- **WHAT TO DO**
Your output must be the lines below from the line containing "采用红头文件格式,正式证明员" to the line containing "Schluss mit neugierigen", both lines included, reproduced exactly and without pictures.

'''

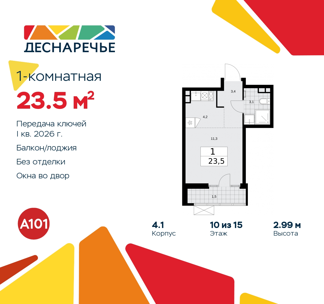 Продается 1-комн. квартира-студия в ЖК "Деснаречье" на 10 этаже. Квартира без отделки, после выдачи ключей можно делать ремонт. Общая площадь: 23.5 кв.м., площадь гостиной 15.5 кв.м., из которых 4.2 кв.м. выделено под кухонную зону. Все окна выходят на одну сторону. В квартире один балкон, один совмещенный санузел. Высота потолков 2.99 м. Эта квартира предлагается без отделки. Будут установлены стеклопакеты с повышенной тепло- и шумоизоляцией, в квартиру заведены все коммуникации. Вы сможете в полном объеме реализовать ваши идеи обустройства вашего комфортного дома. Для тех, кто ценит время и не хочет дополнительных трат на ремонт мы предлагаем квартиры с предчистовой и дизайнерской отделкой. Дом монолитный, трехподъездный, высотой 15 этажей. Квартира находится в 3-й секции в корпусе 4.1. На этаже 6 квартир. В подъезде 1 пассажирский и 1 грузовой лифт. Начало строительства - 3 квартал 2023 года. Окончание строительства - 1 квартал 2026 года. Оформление сделки по договору долевого участия. Артикул квартиры по базе застройщика 88К-4.1-234. ПРЕДЛОЖЕНИЯ ОТ ЗАСТРОЙЩИКА В ОКТЯБРЕ 2025: Ипотека от 13,9 % для всех! На весь срок. "Семейная ипотека" вернулась. Ставка от 3,5 % на весь срок! Без удорожания! Выгодное ипотечное комбо: Ипотека от 2200 р./мес. и от 6 % после рождения ребёнка! Ипотека для всех "Держи пять!" - ставка 5 % на 2 года! *более подробную информацию по скидкам и акциям уточняйте в отделе продаж Масштабный проект "Деснаречье" на юго-западе Москвы, который включает три новых района («квартала»), объединённые общей идеей – воплотить в реальность мечты современных жителей столицы об интересном, комфортном и разноплановом городском пространстве в окружении рек и лесов, словно сошедших с полотен русских живописцев: - «Берег» оценят все, кому близка водная стихия: плеск волн, солнечные блики и прогулки вдоль тихого течения речи. - «Лес» утопает в зелени парков и лесов. Здесь соблюдён идеальный баланс загородного спокойствия и столичного комфорта. - «Парк», самый энергичный и яркий, отличается высокой концентрацией пространств для спорта и творчества. Жилой комплекс "Деснаречье" расположится в 12 км от МКАД по современному Калужскому шоссе. Внешний облик зданий соответствует современному стилю и стандартам, характерным и для других популярных проектов ГК «А101»: сочетание контрастных тонов, большое количество остекления, в котором отражается небо, гармония с природным окружением. Весь город - в вашем районе. Находиться на территории «15-минутного города» значит иметь всё необходимое для полноценной жизни в шаговой доступности. Маршруты в районе «Деснаречье» выстроены так, чтобы добраться до магазинов, парков, школ, салонов услуг и других объектов можно было всего за несколько минут пешком или на велосипеде. Двор закрытый от машин – это тишина, комфорт и безопасность, поэтому все машино-места (включая «семейные» и увеличенные, с возможностью установки роллетных шкафов) находятся в подземном паркинге. В паркинги можно спуститься на лифте из любого подъезда или по лестнице. Рядом с «Деснаречьем» в 2027 году планируется открытие станции метро «Десна», до которой будет удобно добраться пешком или на велосипеде. Дорога на автомобиле до перехватывающих парковок станций «Ольховая» и «Прокшино» займёт около 10 минут. В процессе реализации проекта будут появляться новые маршруты обще
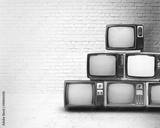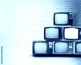 Retro televisions pile on floor in old room with white wall. Antique and vintage home decoration style.
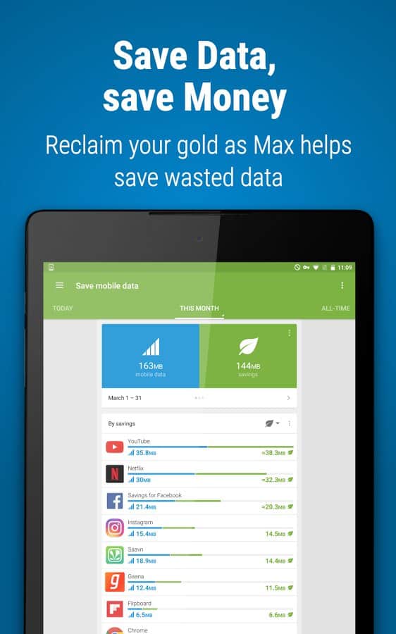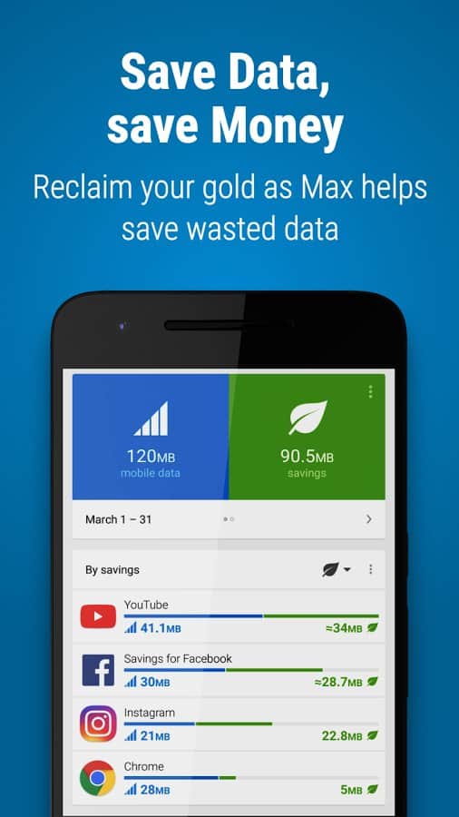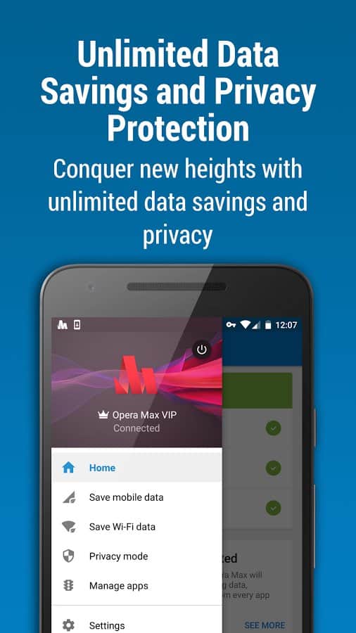 Браузер Opera по праву любим теми, кому приходится экономить трафик. Opera Max — новый шаг в том же направлении: пользуясь этим приложением вы сможете экономить до 50% потребляемого трафика, причем речь идет не только о мобильных сетях, но и о Wi-Fi подключении. Такой эффект достигается благодаря сжатию абсолютно всех поступающих данных: фото, видео и музыка и т.д. Причем речь идет не только о сайтах, которые вы просматриваете в браузере, но и трафике, который проходит через установленные приложения.
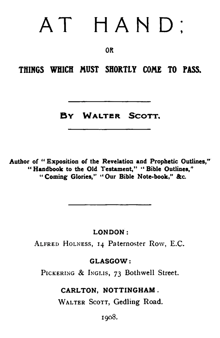 At Hand; Or, Things Which Must Shortly Come to Pass
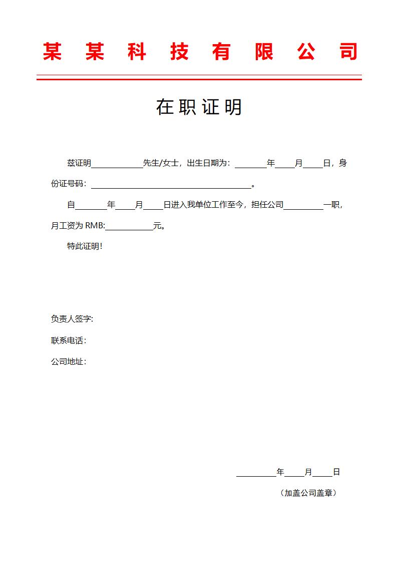 采用红头文件格式,正式证明员工在职身份、入职时间、薪资等信息,为员工各类事务办理提供权威依据。
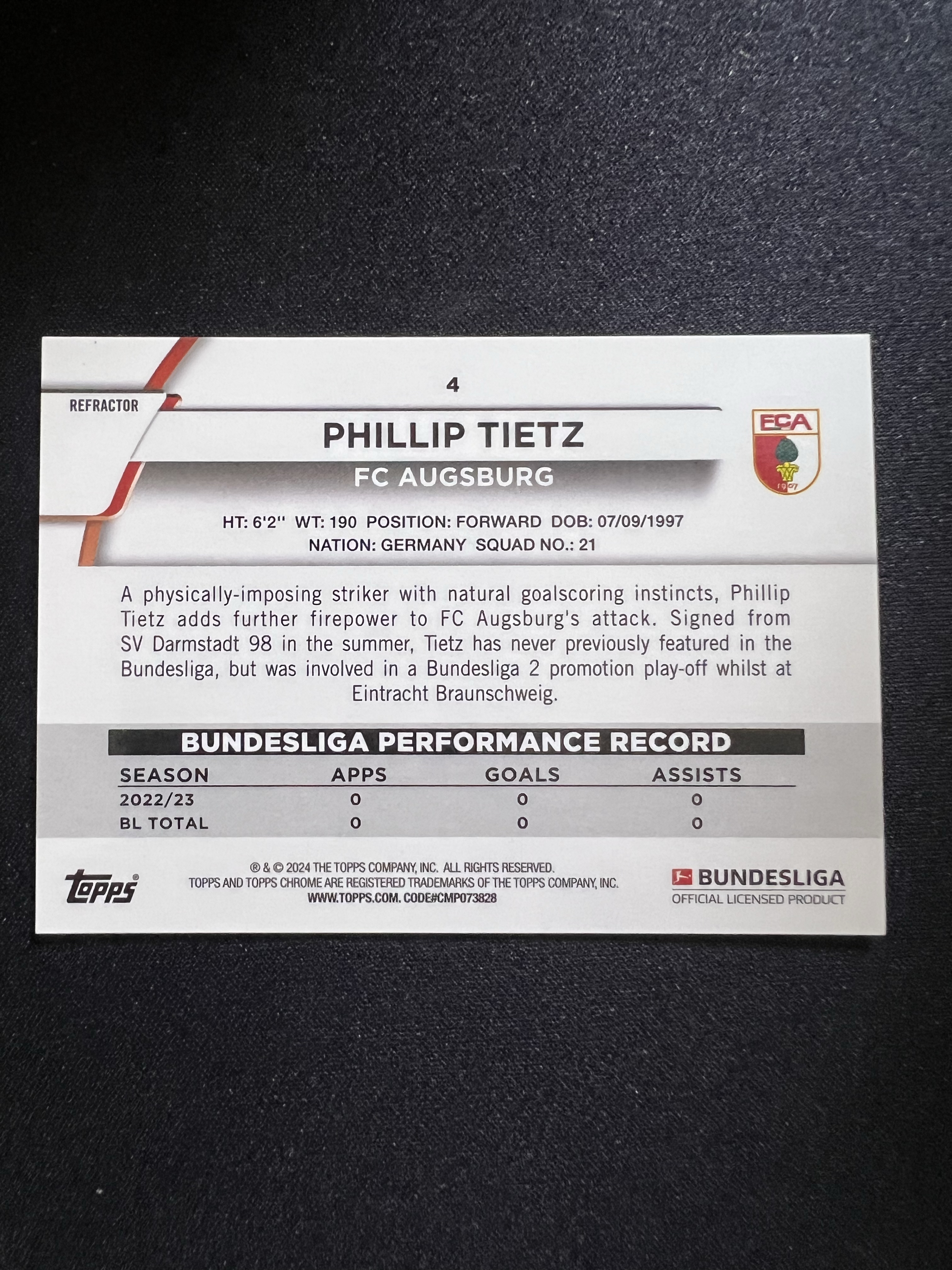 2023-24 Topps Chrome PHILLIP TIETZ 德甲Chrome 奥格斯堡 菲利普 蒂茨 75编 卡片精美 收藏必备 刺客-落枫
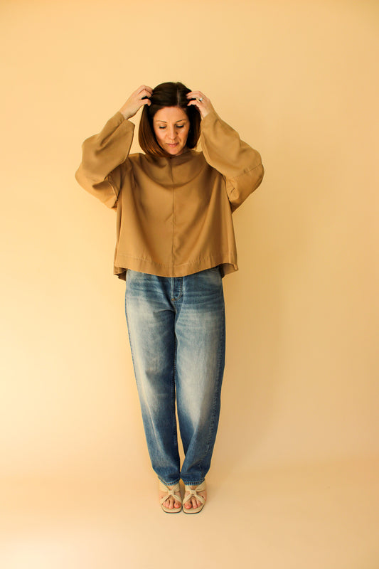 JESSICA LEWIS Wide Neck Tapered Sleeve Blouse Size M
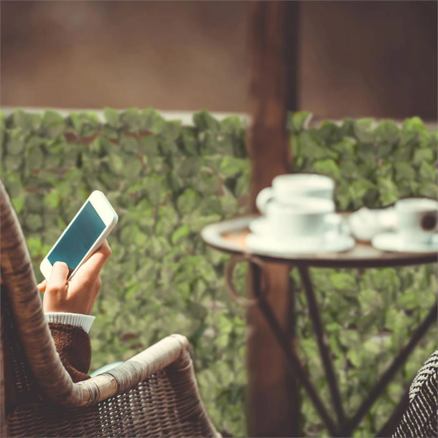 Schluss mit neugierigen Blicken! Der Blumfeldt Fency Bright Leaf Sichtschutzzaun verschafft wohltuende Privatsphäre in einem sommerlich frischen, grünen Blätterkleid auf Balkon, Terrasse und im Garten.
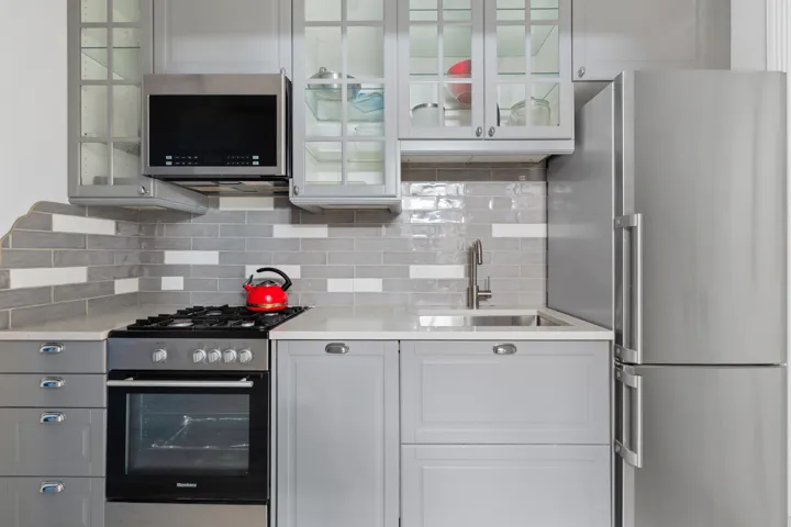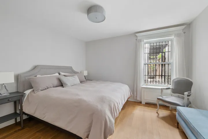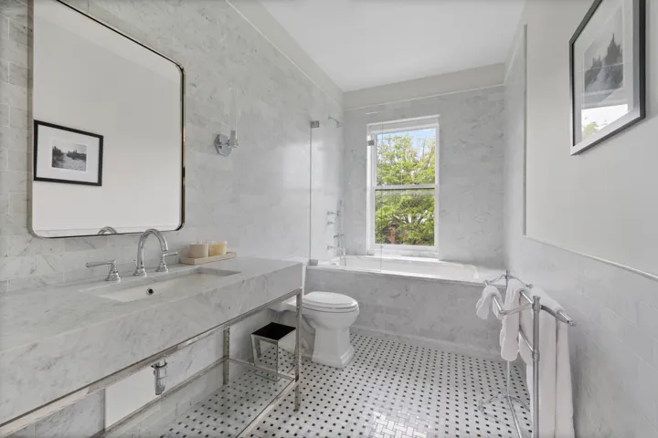 The garden level is equally impressive. A large media room with radiant-heated Moroccan tile and a built-in wet bar opens to the tranquil backyard through floor-to-ceiling accordion-style NanaWall doors. This level also includes a second powder room, additional laundry room, and abundant storage. Below, the finished cellar offers a multiuse rec room with original arched brick columns, generous ceiling height, AV closet, and additional storage. The garden-level one-bedroom apartment-perfect for guests, in-laws, or income-has been renovated to the same exacting standard, with a full kitchen, dishwasher, and in-unit washer/dryer.

'''

- **SOLUTION TO THE EXERCISE**
 采用红头文件格式,正式证明员工在职身份、入职时间、薪资等信息,为员工各类事务办理提供权威依据。
 2023-24 Topps Chrome PHILLIP TIETZ 德甲Chrome 奥格斯堡 菲利普 蒂茨 75编 卡片精美 收藏必备 刺客-落枫
 JESSICA LEWIS Wide Neck Tapered Sleeve Blouse Size M
 Schluss mit neugierigen Blicken! Der Blumfeldt Fency Bright Leaf Sichtschutzzaun verschafft wohltuende Privatsphäre in einem sommerlich frischen, grünen Blätterkleid auf Balkon, Terrasse und im Garten.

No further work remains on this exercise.